##### DATA BELOW #####
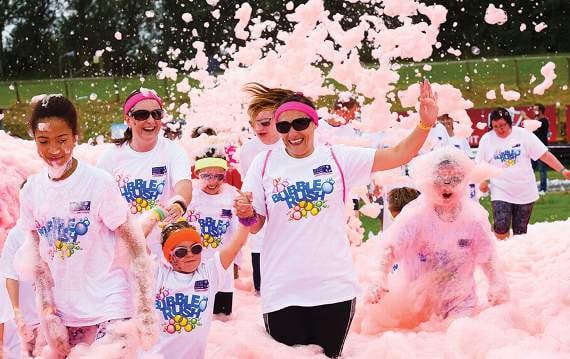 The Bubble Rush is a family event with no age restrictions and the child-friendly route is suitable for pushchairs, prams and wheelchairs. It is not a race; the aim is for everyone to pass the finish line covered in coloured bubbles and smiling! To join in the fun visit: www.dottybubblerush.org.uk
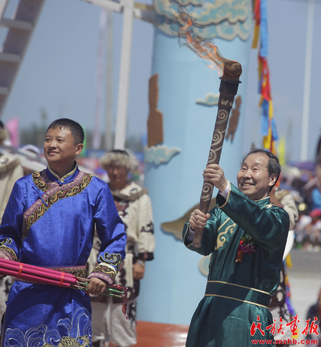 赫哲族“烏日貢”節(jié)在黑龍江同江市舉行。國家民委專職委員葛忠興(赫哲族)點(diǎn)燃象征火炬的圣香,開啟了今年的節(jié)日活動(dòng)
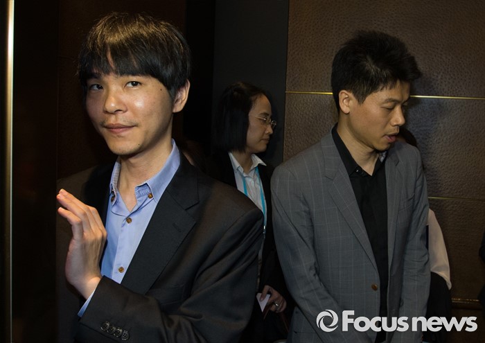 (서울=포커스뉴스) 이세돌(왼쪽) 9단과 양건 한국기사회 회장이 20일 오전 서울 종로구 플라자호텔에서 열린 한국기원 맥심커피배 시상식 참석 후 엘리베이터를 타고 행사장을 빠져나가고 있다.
#####
* THE PROBLEM: Reproduce all of the material exactly, apart from the pictures.

* ANSWER SPACE:
 The Bubble Rush is a family event with no age restrictions and the child-friendly route is suitable for pushchairs, prams and wheelchairs. It is not a race; the aim is for everyone to pass the finish line covered in coloured bubbles and smiling! To join in the fun visit: www.dottybubblerush.org.uk
 赫哲族“烏日貢”節(jié)在黑龍江同江市舉行。國家民委專職委員葛忠興(赫哲族)點(diǎn)燃象征火炬的圣香,開啟了今年的節(jié)日活動(dòng)
 (서울=포커스뉴스) 이세돌(왼쪽) 9단과 양건 한국기사회 회장이 20일 오전 서울 종로구 플라자호텔에서 열린 한국기원 맥심커피배 시상식 참석 후 엘리베이터를 타고 행사장을 빠져나가고 있다.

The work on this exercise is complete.